Thuật ngữ AI
Từ điển đầy đủ về Trí tuệ nhân tạo
Feature Selection
Process of automatic selection of the most relevant features for a supervised model by eliminating redundant or non-informative variables to improve performance and reduce complexity.
Label Encoding
Transformation of categorical variables into integer numerical values where each unique category receives a distinct numerical identifier, suitable for algorithms requiring numerical inputs.
Feature Scaling
Normalization or standardization of numerical features to bring them into a comparable range, essential for algorithms sensitive to variable scale such as SVMs and neural networks.
Polynomial Features
Generation of new features by creating polynomial combinations of existing variables, allowing to capture non-linear relationships between features and the target variable.
Interaction Features
Creation of new variables representing interactions between existing features, typically through multiplication or combination, to reveal synergistic effects in supervised data.
Recursive Feature Elimination
Iterative selection algorithm that builds a model, eliminates the least important features according to a specific criterion, and repeats this process until reaching the optimal number of features.
Target Encoding
Technique for transforming categorical variables using statistics of the target variable (mean, median) for each category, thus directly capturing the relationship with prediction.
Feature Importance
Quantitative measure of the impact of each feature on the supervised model's predictions, calculated by methods such as permutation importance, SHAP values, or model coefficients.

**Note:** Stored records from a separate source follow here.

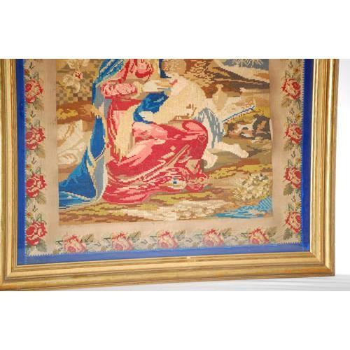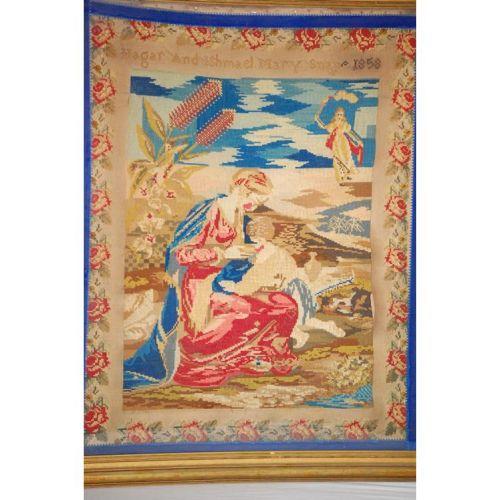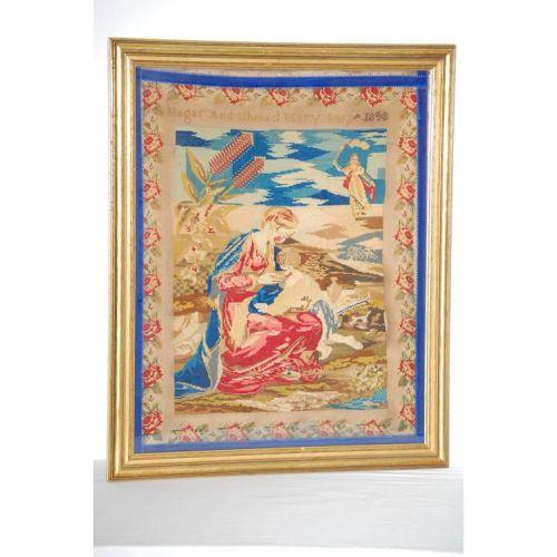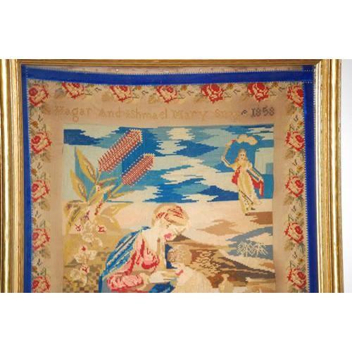 1858 GROSS NEEDLEPOINT EMBROIDERY OF HAGAR & ISHMAEL FROM GENESIS-WROUGHT BY MARY SNAPE & DATED 1858 IN POLYCHROME YARNS W/ FLORAL BORDER IN A GILT WOODEN FRAME (29 1/2" X 23 1/2") - WEAR, TONING, IMPERFECTIONS
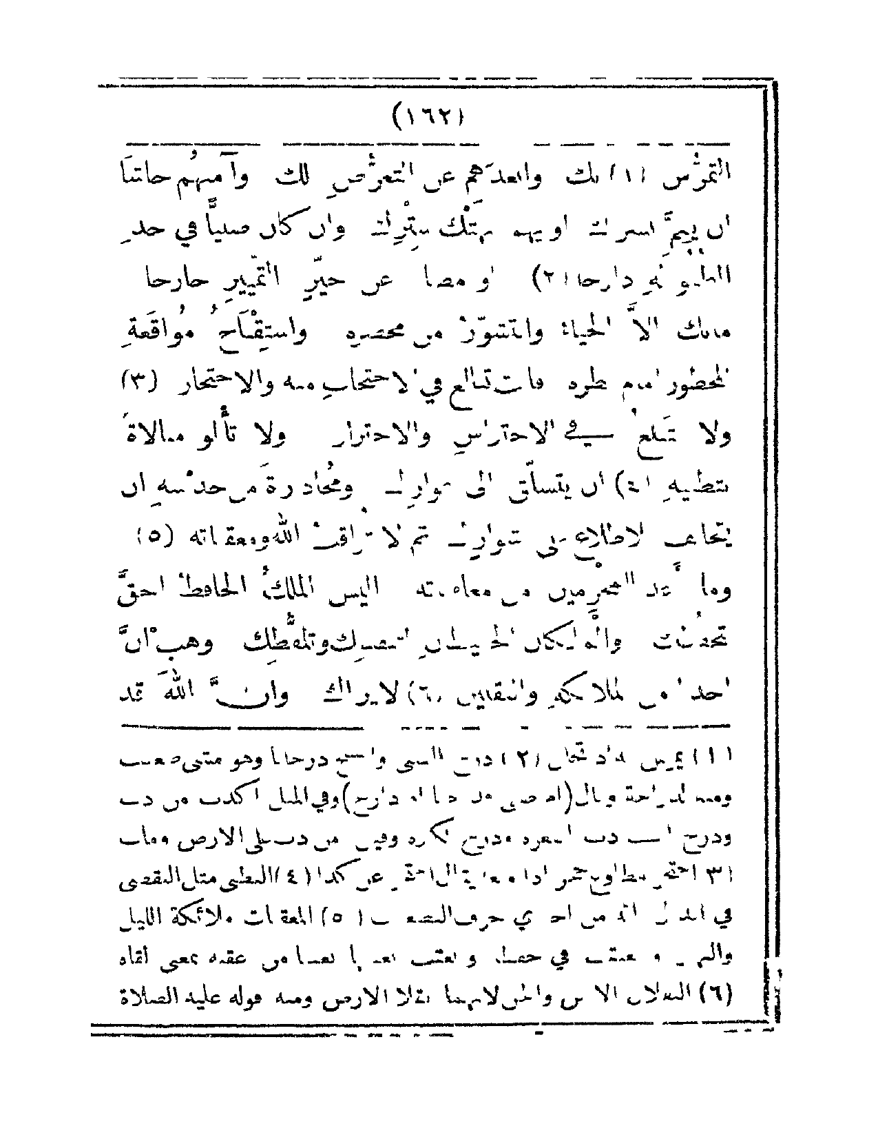 التمرس بكَ وأبعدَهم عنِ التعرضِ لك وآمنهم جاشاً أن ينم بسرك أو يهُمَّ بهتكِ سترِك وإن كانَ صبيّاً في حدِّ الطفولةِ دارِجا أو مصاباً عن حيِّز التّمييزِ خارجاً ما بكَ إلا الحياءُ والتشوُّرُ من محضرِه. واسِتقباحُ مُواقعةِ المحظورِ أمامَ نظرِه فأنتَ تبالغُ في الاحتجابِ منهُ والاحتجاز ولا تبالغُ في الاحتراسِ والاحتراز ولا تألو مبالاةً بتظنّيهِ أن يتسلقَ إلى عوارِك ومحاذرةً من حدسهِ أن يتجانفَ للاطّلاعِ على شوارِك ثمَّ لا تراقبُ اللهَ ومعقبّاته. وما أعد للمجرمينَ من مُعاقباته. أليسَ الملكُ الحافظُ أحق يتحفظِك والملكانِ الحفيظان لتنفسِك وتلفظِك. وهَبْ أنَّ أحداً من الملائكةِ والثَقلَيَن لا يراك وأنَّ اللهَ قد
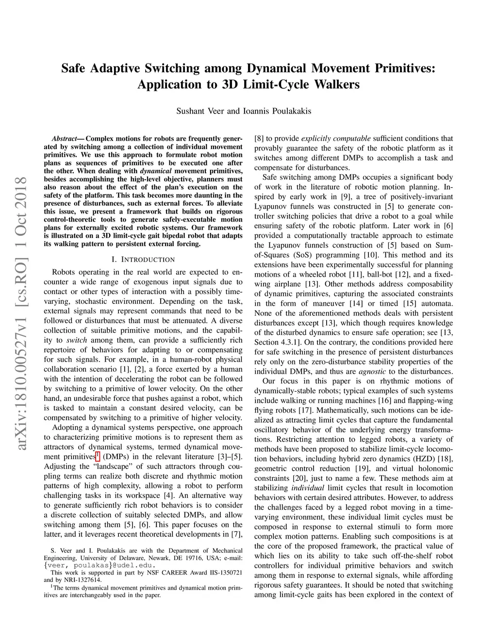 Complex motions for robots are frequently generated by switching among a collection of individual movement primitives. We use this approach to formulate robot motion plans as sequences of primitives to be executed one after the other. When dealing with dynamical movement primitives, besides accomplishing the high-level objective, planners must also reason about the effect of the plan's execution on the safety of the platform. This task becomes more daunting in the presence of disturbances, such as external forces. To alleviate this issue, we present a framework that builds on rigorous control-theoretic tools to generate safely-executable motion plans for externally excited robotic systems. Our framework is illustrated on a 3D limit-cycle gait bipedal robot that adapts its walking pattern to persistent external forcing.

Principal Component Analysis
Linear dimensionality reduction technique that transforms features into uncorrelated orthogonal components, maximizing explained variance with a reduced number of dimensions.
Binning/Discretization
Process of converting continuous variables into discrete categories (bins) to simplify relationships, handle outliers, and improve performance of some supervised algorithms.
Feature Hashing
Reduced dimensionality technique that applies a hashing function to features to map them into a fixed-dimensional space, useful for high-dimensional data with many categories.
Missing Value Imputation
Set of statistical or algorithmic strategies to replace missing values in features with appropriate estimates, essential for maintaining supervised data integrity.
Feature Crosses
Combination of features to create new features representing specific interactions, particularly effective in linear models to capture non-additive relationships.
Feature Engineering Pipeline
Automated and reproducible sequence of transformations applied to features, integrating cleaning, creation, selection, and scaling to ensure consistency between training and prediction.
Domain-Specific Feature Creation
Development of features based on business expertise and domain knowledge, creating informative variables that capture specific non-obvious patterns in raw data.
Temporal Feature Engineering
Creation of features specific to time-series data like lag features, rolling statistics, time components, and seasonal trends to improve chronological supervised predictions.